# What you will do
Wherever a picture appears in the listing below, leave it out and reproduce the rest exactly.

# Supplied material
******

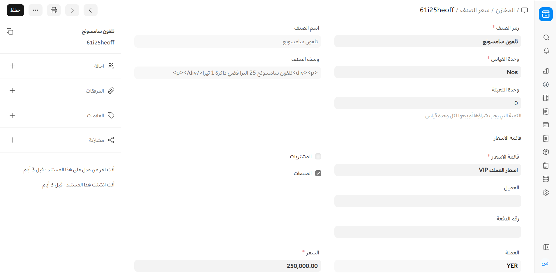 • عند اختيار قائمة أسعار بيع، سيظهر حقل العميل لتخصيص هذا السعر لعميل معين.
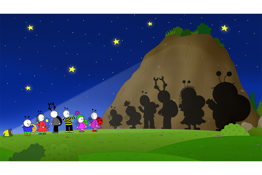 Bogyó, Babóca és barátaik diafilmeket nézegetnek, majd vidám árnyjátékot játszanak. A játékot a sziklafal előtt folytatják, ahol mókás alakokat formálnak. Gömbi, a kis virágbogár megijed a falon látott furcsa árnyaktól, mert azt hiszi, hogy egy óriási szörny költözött az erdőbe. Szerencsére Kelemen, a kanári segít tisztázni a félreértést. Gömbi és Kelemen is csatlakozik a vidám árnyjátékhoz.
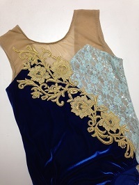 ベロアとレース地の斜め切替えのサイズオーダーでしたが モチーフと髪飾りもご希望とのことで これまで使ったことのないレースモチーフを使いました。 (左右対称や胸のところだけでは色違いの白を使ったことはあります) 実物はもっとゴールドが際立っていてきれいです。 レースモチーフが大きいので小さいサイズにはできないかもしれませんが サイズオーダーとしてSHOPに出したいと思います。 髪飾りです。 JUGEMテーマ:レオタード
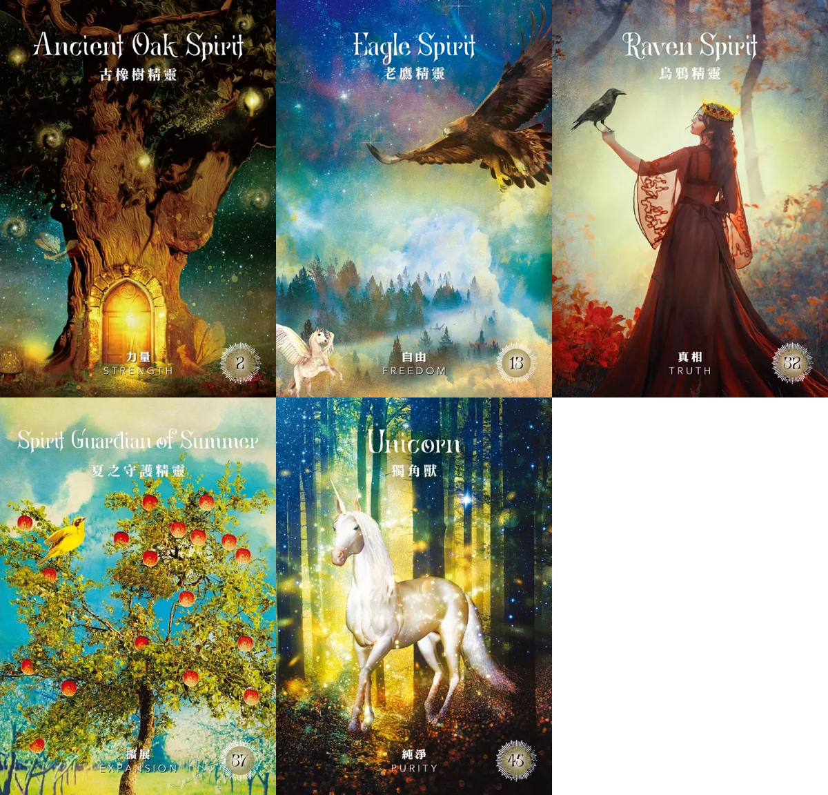 ●牌卡描繪古代自然精靈和土地守護者,呈現獨特迷人的視覺畫面。

******

# Solution for this exercise
 • عند اختيار قائمة أسعار بيع، سيظهر حقل العميل لتخصيص هذا السعر لعميل معين.
 Bogyó, Babóca és barátaik diafilmeket nézegetnek, majd vidám árnyjátékot játszanak. A játékot a sziklafal előtt folytatják, ahol mókás alakokat formálnak. Gömbi, a kis virágbogár megijed a falon látott furcsa árnyaktól, mert azt hiszi, hogy egy óriási szörny költözött az erdőbe. Szerencsére Kelemen, a kanári segít tisztázni a félreértést. Gömbi és Kelemen is csatlakozik a vidám árnyjátékhoz.
 ベロアとレース地の斜め切替えのサイズオーダーでしたが モチーフと髪飾りもご希望とのことで これまで使ったことのないレースモチーフを使いました。 (左右対称や胸のところだけでは色違いの白を使ったことはあります) 実物はもっとゴールドが際立っていてきれいです。 レースモチーフが大きいので小さいサイズにはできないかもしれませんが サイズオーダーとしてSHOPに出したいと思います。 髪飾りです。 JUGEMテーマ:レオタード
 ●牌卡描繪古代自然精靈和土地守護者,呈現獨特迷人的視覺畫面。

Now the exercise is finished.